RECORDS SHOWN Start Marker

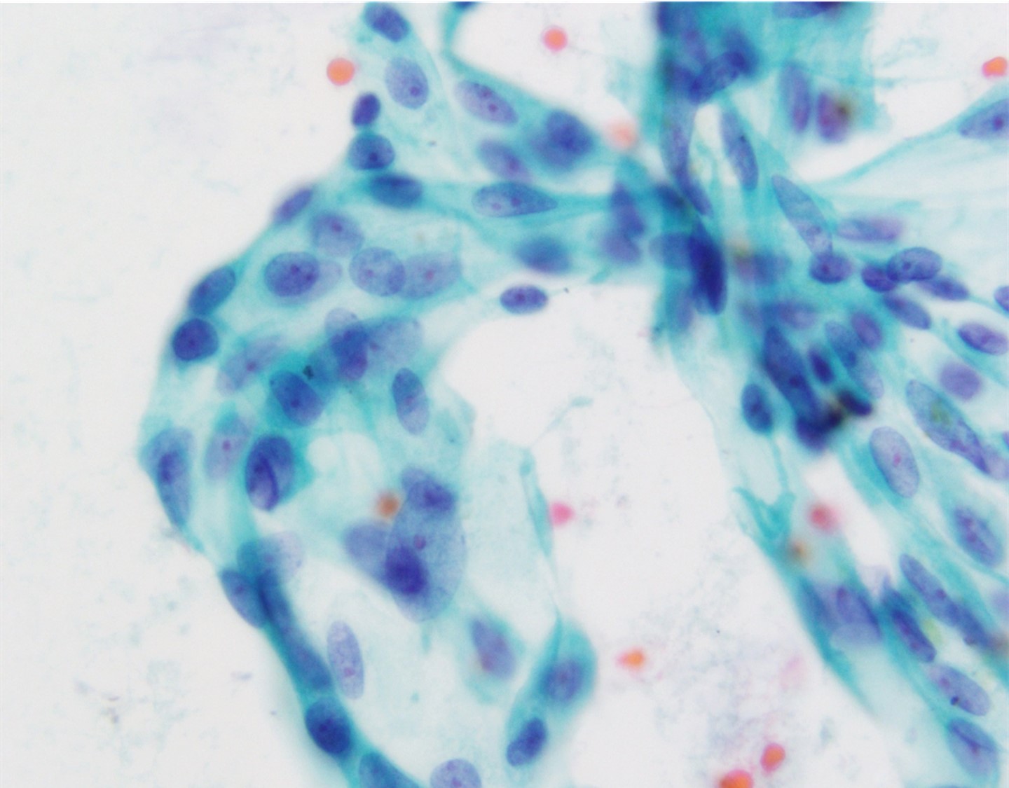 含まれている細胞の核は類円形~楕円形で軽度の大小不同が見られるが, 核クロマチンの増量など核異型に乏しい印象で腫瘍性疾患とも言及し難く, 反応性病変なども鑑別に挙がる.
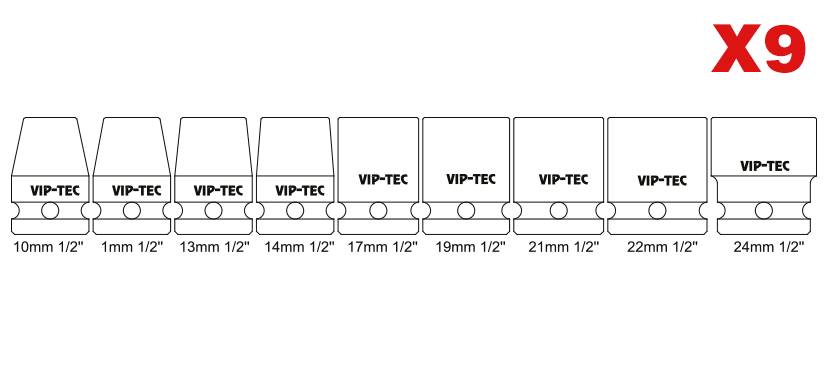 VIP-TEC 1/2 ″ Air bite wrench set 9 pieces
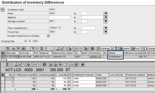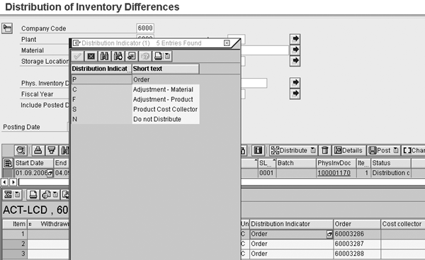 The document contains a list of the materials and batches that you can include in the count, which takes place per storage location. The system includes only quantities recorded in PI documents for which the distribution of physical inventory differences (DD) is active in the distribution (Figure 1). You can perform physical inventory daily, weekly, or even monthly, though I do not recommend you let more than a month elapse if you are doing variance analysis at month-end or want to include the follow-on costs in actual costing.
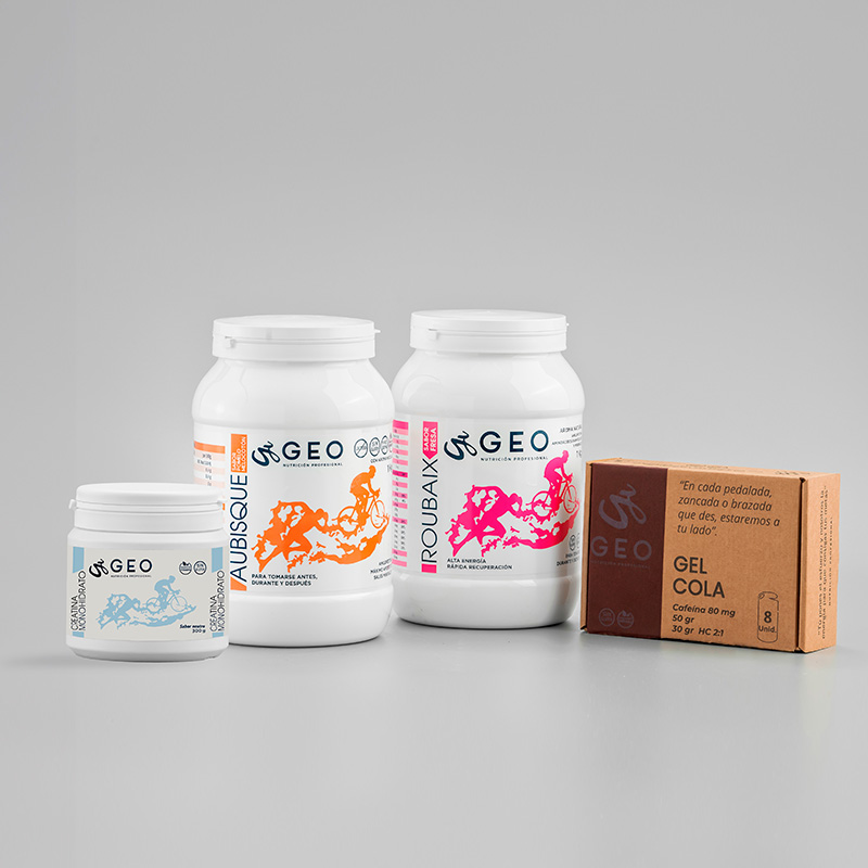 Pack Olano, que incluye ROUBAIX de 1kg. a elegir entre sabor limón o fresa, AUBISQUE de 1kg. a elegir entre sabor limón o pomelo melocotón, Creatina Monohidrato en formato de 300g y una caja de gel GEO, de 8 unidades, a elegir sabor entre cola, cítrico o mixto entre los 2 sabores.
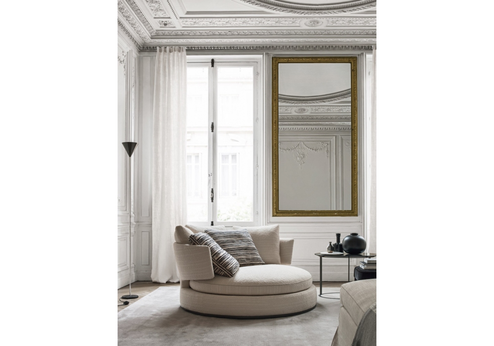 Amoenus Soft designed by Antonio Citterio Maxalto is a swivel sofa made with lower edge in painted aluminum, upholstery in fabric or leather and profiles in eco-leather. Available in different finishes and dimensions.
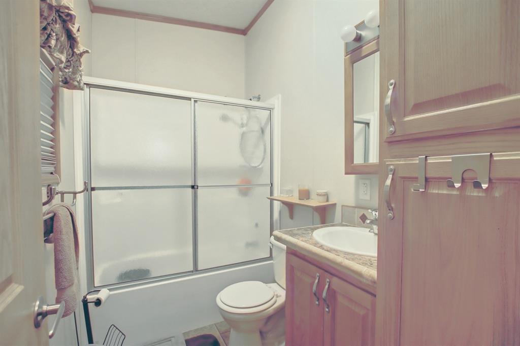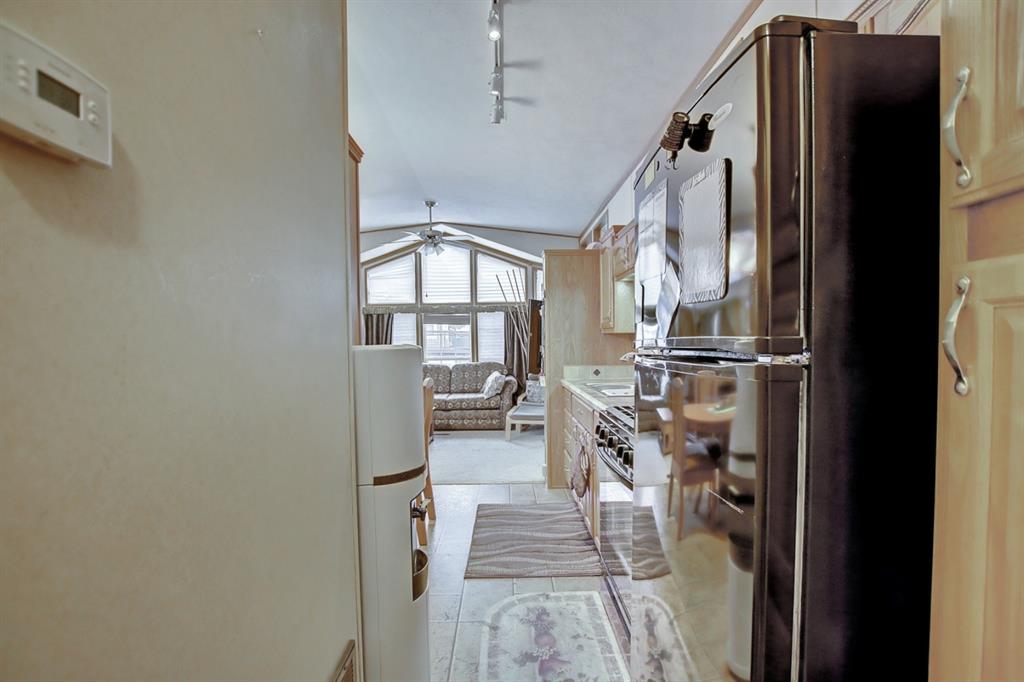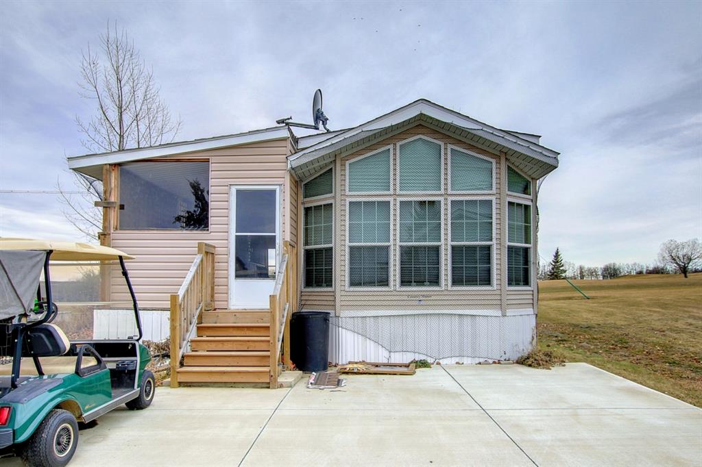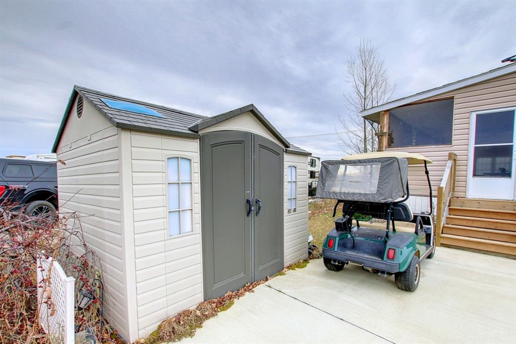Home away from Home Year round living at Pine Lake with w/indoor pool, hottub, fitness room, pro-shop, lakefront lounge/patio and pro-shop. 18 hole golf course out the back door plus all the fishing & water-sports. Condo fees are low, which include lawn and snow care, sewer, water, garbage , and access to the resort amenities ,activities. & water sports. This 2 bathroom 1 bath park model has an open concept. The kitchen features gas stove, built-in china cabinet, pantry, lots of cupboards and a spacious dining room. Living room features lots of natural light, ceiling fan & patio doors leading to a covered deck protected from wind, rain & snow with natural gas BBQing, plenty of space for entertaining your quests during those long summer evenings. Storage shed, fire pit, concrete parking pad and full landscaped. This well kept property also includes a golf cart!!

RECORDS SHOWN End Marker

REQUIRED ACTION
Using the entries above, reproduce word for word only the lines from the one that contains "The document contains" to the one that contains "Amoenus Soft designed", both ends included, and drop every picture.

YOUR SOLUTION
 The document contains a list of the materials and batches that you can include in the count, which takes place per storage location. The system includes only quantities recorded in PI documents for which the distribution of physical inventory differences (DD) is active in the distribution (Figure 1). You can perform physical inventory daily, weekly, or even monthly, though I do not recommend you let more than a month elapse if you are doing variance analysis at month-end or want to include the follow-on costs in actual costing.
 Pack Olano, que incluye ROUBAIX de 1kg. a elegir entre sabor limón o fresa, AUBISQUE de 1kg. a elegir entre sabor limón o pomelo melocotón, Creatina Monohidrato en formato de 300g y una caja de gel GEO, de 8 unidades, a elegir sabor entre cola, cítrico o mixto entre los 2 sabores.
 Amoenus Soft designed by Antonio Citterio Maxalto is a swivel sofa made with lower edge in painted aluminum, upholstery in fabric or leather and profiles in eco-leather. Available in different finishes and dimensions.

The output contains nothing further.